WHAT YOU NEED TO DO: Set the records down again exactly, apart from any pictures in them.
========================================================================
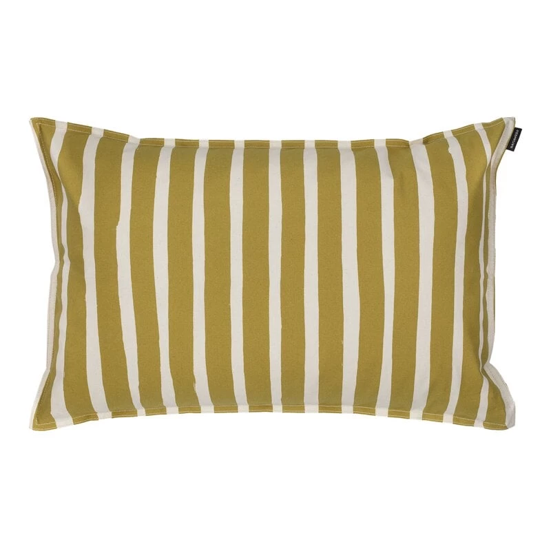 Den Kalasääski-Kissenbezug von Marimekko ziert ein zeitlos elegantes Motiv aus vertikalen und diagonalen, handgemalten Streifen, das von Maija Isola im Jahr 1962 entworfen wurde. Der aus Baumwolle gefertigte und in harmonischen Olivgrün- und Naturtönen gehaltene Kalasääski-Kissenbezug verleiht dem Wohn- oder Schlafzimmer einen frischen Hauch von nordischem Design.
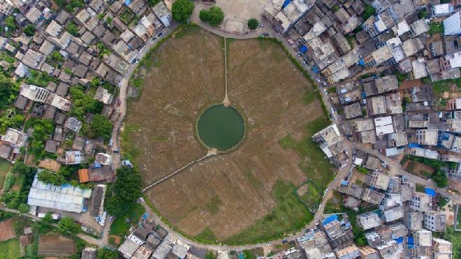 航拍??谒陌倌旯糯?規(guī)劃布局似“太極圖”
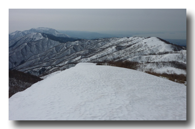 先日の雨でたっぷり水分を含んだ雪面は氷の斜面になっていました。奥伊吹スキー場からの山
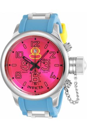 Band For Invicta Russian Diver 24013, Band Material Stainless Steel, Silicone, Band Color Steel, Blue, Yellow, Band Width 26 mm, Band Length 220 mm, Buckle Type Buckle, Clasp Type Regular
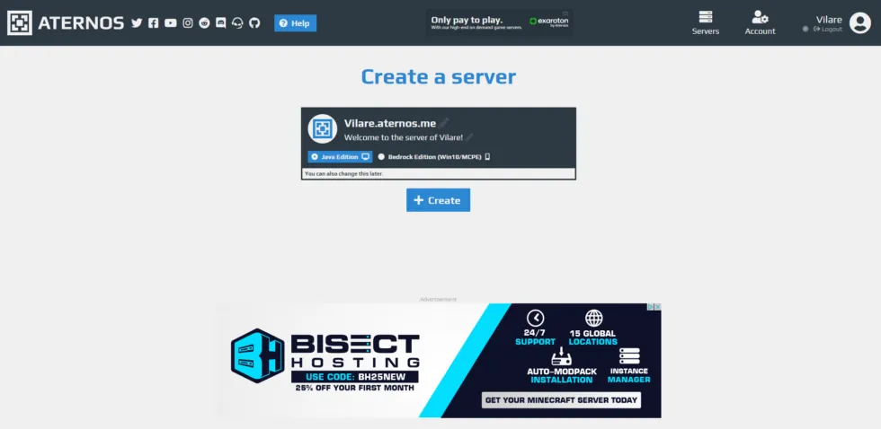 Dopo esserti registrato o aver effettuato l’accesso, verrai portato al pannello del tuo account dove potrai creare un server. Ci sarà un pulsante verde che dice “Crea” nella homepage, che devi premere. Verrà visualizzato un profilo del server e un altro pulsante blu che dice “Crea”. Premi entrambi per avviare il tuo nuovo server.
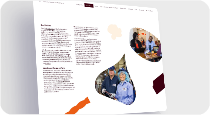 12 The Hershey Company | 2021 ESG Report The Big Picture Our Company Cocoa Responsible Sourcing and Human Rights Environment Our People Youth Community About This Report Our Company Our Policies All contributions are disbursed pursuant to Our Code of Conduct (the Code) reflects our internal contribution guidelines and in who we are and what’s important to us, accordance with applicable election laws. All and emphasizes our commitment to acting PAC contributions are bipartisan and given ethically. It provides the policies and guidelines equally to both major political parties at the that define how we do business, including, federal and state levels. among others, those with respect to anti- Corporate funds are used to support or corruption, antitrust, whistleblower protection advocate for issues, legislation or referenda of and health and safety. All our directors and importance to Hershey and our shareholders. employees receive annual training on the Code These funds, classified under the U.S. Internal and must verify that they have read and agree Revenue Code as non-deductible lobbying with the principles it outlines. expenditures, are paid primarily to industry We also maintain several policies that control trade associations and support the salaries of how we responsibly source key ingredients our internal Government Relations personnel. and the standards and behaviors we expect In accordance with the Lobbying Disclosure from our suppliers. Other ESG policies relate Act of 1995, our company files quarterly to environmental management, human rights, lobbying reports, outlining the company’s food safety and other key concerns for our federal-level advocacy work. We also company. Our policies are publicly available on publish an Annual Report of Lobbying and our website. Advocacy Expenditures on the Investors section of our website annually. Lobbying and Transparent Policy Consistent with our Code, Hershey does not make political contributions and only engages in corporate political activities through the Hershey Political Action Committee (PAC). Funds raised through the PAC, which is made up of voluntary employee contributions, are used to support elected officials who demonstrate a commitment to the growth and prosperity of our business, the communities in which our employees live, and whose values and goals align with The Hershey Company’s vision and Code of Conduct.
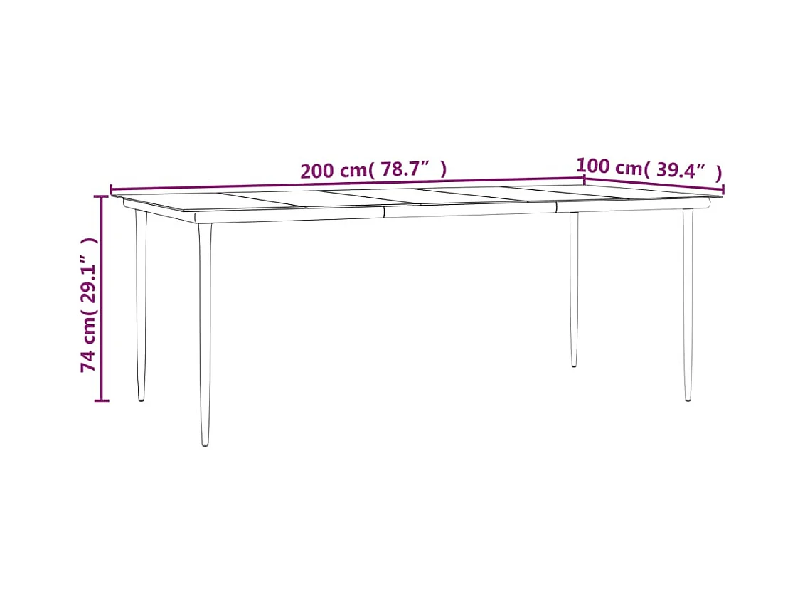 Set di tavolo e sedie da giardino rettangolare in metallo
========================================================================
SOLUTION TO THIS EXERCISE:
 Den Kalasääski-Kissenbezug von Marimekko ziert ein zeitlos elegantes Motiv aus vertikalen und diagonalen, handgemalten Streifen, das von Maija Isola im Jahr 1962 entworfen wurde. Der aus Baumwolle gefertigte und in harmonischen Olivgrün- und Naturtönen gehaltene Kalasääski-Kissenbezug verleiht dem Wohn- oder Schlafzimmer einen frischen Hauch von nordischem Design.
 航拍??谒陌倌旯糯?規(guī)劃布局似“太極圖”
 先日の雨でたっぷり水分を含んだ雪面は氷の斜面になっていました。奥伊吹スキー場からの山
 Band For Invicta Russian Diver 24013, Band Material Stainless Steel, Silicone, Band Color Steel, Blue, Yellow, Band Width 26 mm, Band Length 220 mm, Buckle Type Buckle, Clasp Type Regular
 Dopo esserti registrato o aver effettuato l’accesso, verrai portato al pannello del tuo account dove potrai creare un server. Ci sarà un pulsante verde che dice “Crea” nella homepage, che devi premere. Verrà visualizzato un profilo del server e un altro pulsante blu che dice “Crea”. Premi entrambi per avviare il tuo nuovo server.
 12 The Hershey Company | 2021 ESG Report The Big Picture Our Company Cocoa Responsible Sourcing and Human Rights Environment Our People Youth Community About This Report Our Company Our Policies All contributions are disbursed pursuant to Our Code of Conduct (the Code) reflects our internal contribution guidelines and in who we are and what’s important to us, accordance with applicable election laws. All and emphasizes our commitment to acting PAC contributions are bipartisan and given ethically. It provides the policies and guidelines equally to both major political parties at the that define how we do business, including, federal and state levels. among others, those with respect to anti- Corporate funds are used to support or corruption, antitrust, whistleblower protection advocate for issues, legislation or referenda of and health and safety. All our directors and importance to Hershey and our shareholders. employees receive annual training on the Code These funds, classified under the U.S. Internal and must verify that they have read and agree Revenue Code as non-deductible lobbying with the principles it outlines. expenditures, are paid primarily to industry We also maintain several policies that control trade associations and support the salaries of how we responsibly source key ingredients our internal Government Relations personnel. and the standards and behaviors we expect In accordance with the Lobbying Disclosure from our suppliers. Other ESG policies relate Act of 1995, our company files quarterly to environmental management, human rights, lobbying reports, outlining the company’s food safety and other key concerns for our federal-level advocacy work. We also company. Our policies are publicly available on publish an Annual Report of Lobbying and our website. Advocacy Expenditures on the Investors section of our website annually. Lobbying and Transparent Policy Consistent with our Code, Hershey does not make political contributions and only engages in corporate political activities through the Hershey Political Action Committee (PAC). Funds raised through the PAC, which is made up of voluntary employee contributions, are used to support elected officials who demonstrate a commitment to the growth and prosperity of our business, the communities in which our employees live, and whose values and goals align with The Hershey Company’s vision and Code of Conduct.
 Set di tavolo e sedie da giardino rettangolare in metallo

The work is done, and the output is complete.